Community members opposed the raffle of the assault rifle—the same kind that was used in the Florida shooting—but the team says the fundraiser will continue as planned.

Dallas, Ore.—a small town 70 miles south of Portland—is divided over the raffle item being touted by their local youth softball team: an AR-15 rifle.

Micky Garus, Dallas City Council's president and a board member for Lady Dragons Fastpitch—a club softball team that offers programs for 10 through 16-year-olds—marketed the rifle on the team's Facebook page.

"FIREARM RAFFLE," the post allegedly read, "Ar15 223/5.56 Rifle w/ AccuShot EZ Tap Scope. SRP $849. Must be 21 and pass firearms background check."

The photo accompanying the post showed a softball and mitt displayed next to the rifle.

Last October, the entire Dallas school district was put on lockdown status after a former student made threats about "shooting up the school."

But it's more recent events that have made the raffle a lightning rod.

On February 14, Nikolas Cruz took an Uber to Stoneman Douglas High School in Parkland, Fla., carrying an AR-15 rifle in one bag, and loaded magazines in another.

A little after two that afternoon, the 19-year-old got out and started shooting, taking 17 lives and marking one of the deadliest school shootings in U.S. history.

That's the context in which Dallas residents reportedly went to school administrators asking for the raffle to be shut down. But because Lady Dragons is a club team, and not a school team, the district is unable to take action.

Despite pushback, the Lady Dragons wrote in a Facebook page last Saturday, the team is going ahead with the AR-15.

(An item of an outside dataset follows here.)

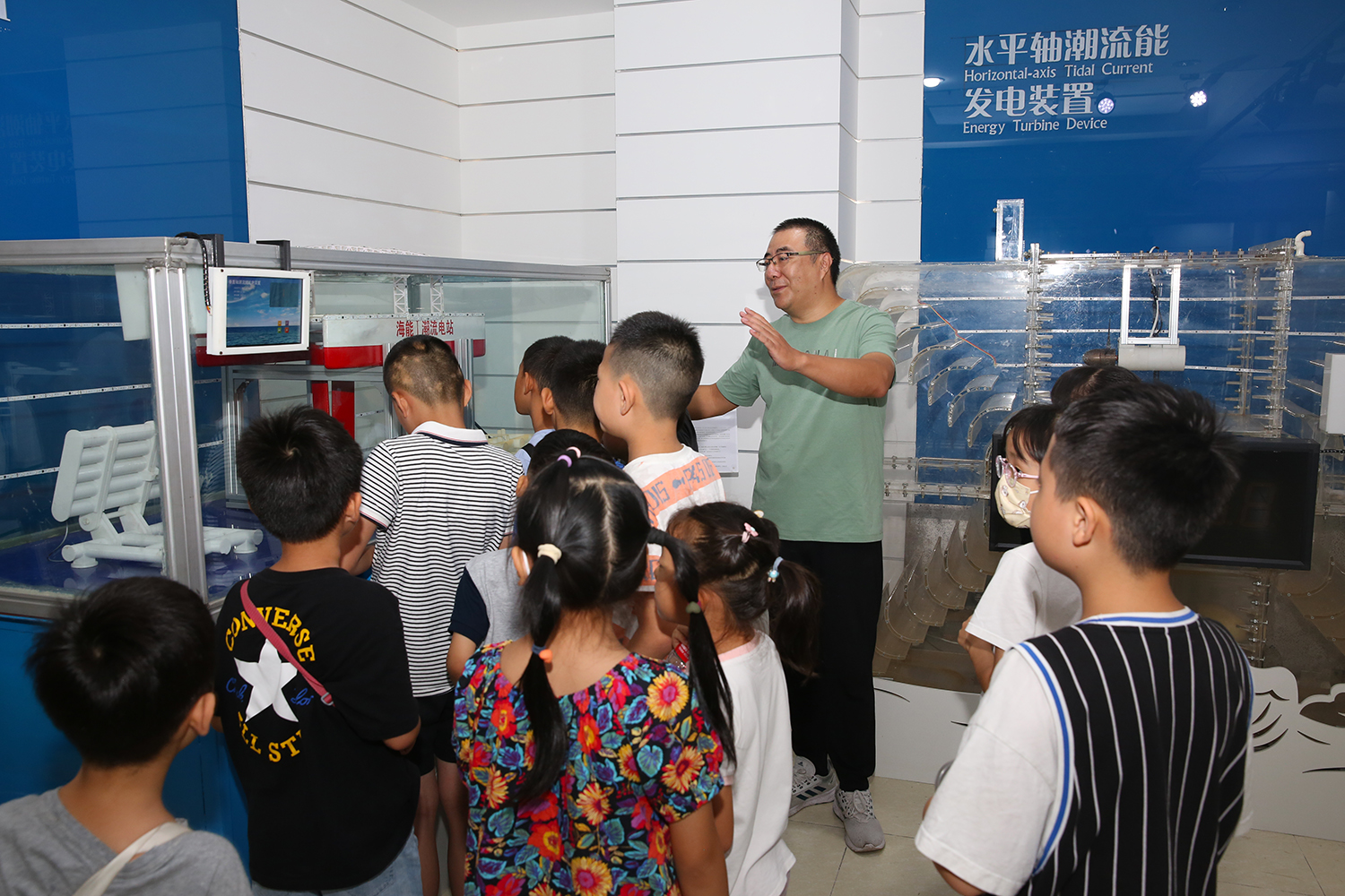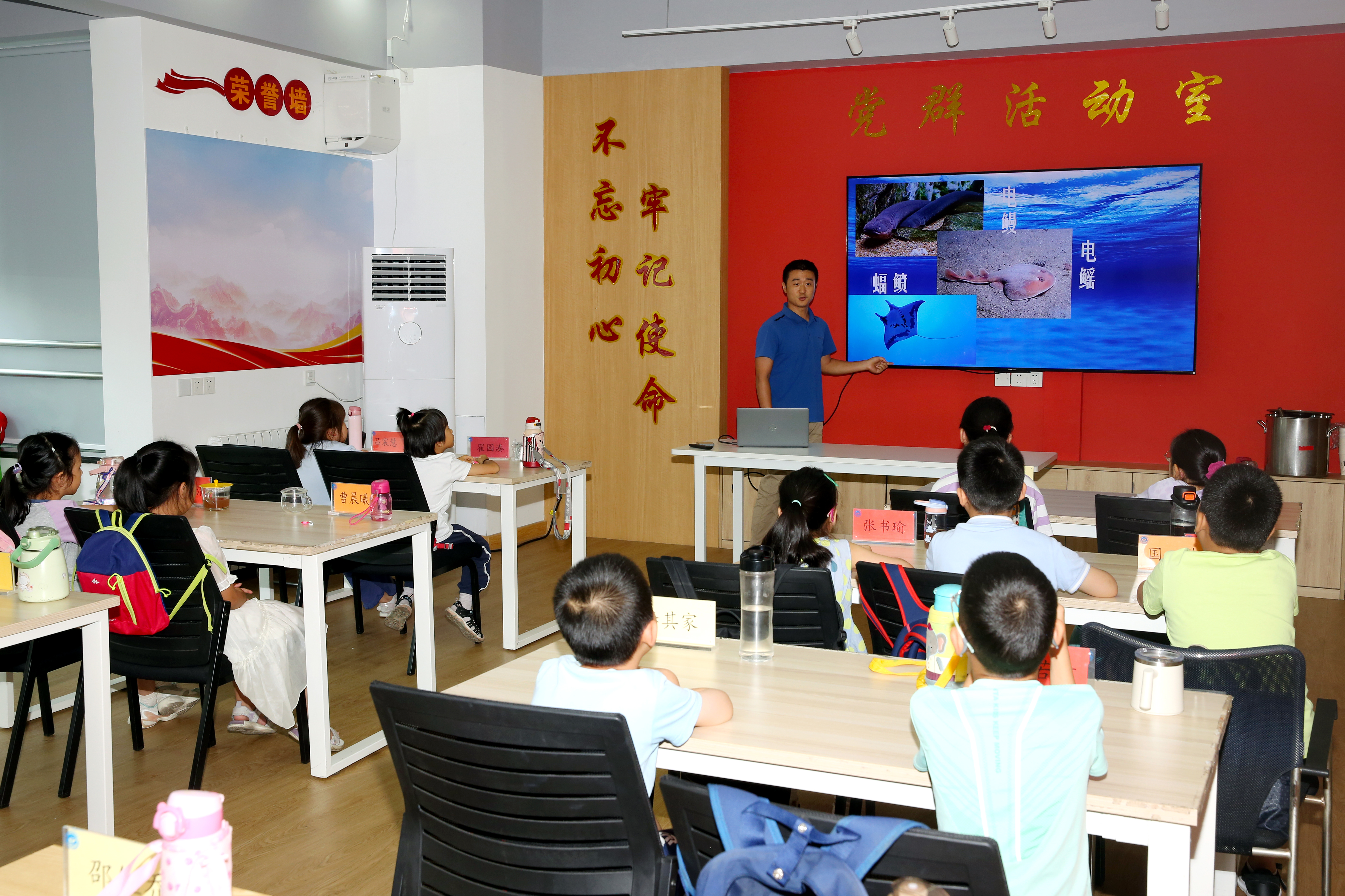 中心作為全國海洋科普教育基地,每年都會面向校園、面向社會開展大量科普工作,這也使得托管班有了“近水樓臺先得月”的優(yōu)勢,班上許多學生家長就曾經(jīng)為不同年齡段的學生講授過海洋領域的各類科學知識,托管班也適時組織學生們到中心海洋能成果展廳、海洋動力環(huán)境實驗室等場所參觀,直觀感受海洋科普。于是,通過講座、參觀等方式引導學生認識海洋、熱愛海洋、保護海洋就成了每期托管班的必修課。除了專業(yè)領域,家長們還各盡所能,把中國歷史、世界地理、硬筆書法、無人機模擬操控等課程搬上課堂,讓孩子們在暑假期間豐富知識體系、培養(yǎng)興趣愛好。工會在暑期組織舉辦文學、朗誦、書法等專家講座時,也會把托管學生納入進來,讓職工和子女共同學習,形成獨特的親子課堂。

"We strive to offer a low-cost tournament option to the Dallas community," the post reads. "To achieve this, we depend heavily on fundraising and community sponsorships."

When approached with the rifle from a private donor, the team's board unanimously agreed to put it on auction.

"While we sympathize with current events and the climate surrounding them," the post continues, "this is a legal, well-regulated raffle, with tickets being sold to willing and able purchasers. The winner of the raffle will have to pass all necessary background checks, the same as would be required of them to purchase the rifle. Our raffle began on January 30, 2018 prior to the unfortunate event in Florida."

The fundraiser might seem bizarre, but it isn't the first time an Oregon softball team has raffled off a gun in the wake of a national tragedy.

In July 2016, less than a month after the shooting at the Orlando nightclub Pulse, a Portland softball team auctioned an AR-15 to raise money to compete in a tournament in California. As fate (or divine intervention) would have it, a reverend from Lake Oswego ended up winning the gun, and vowed to turn it into a non-lethal art piece.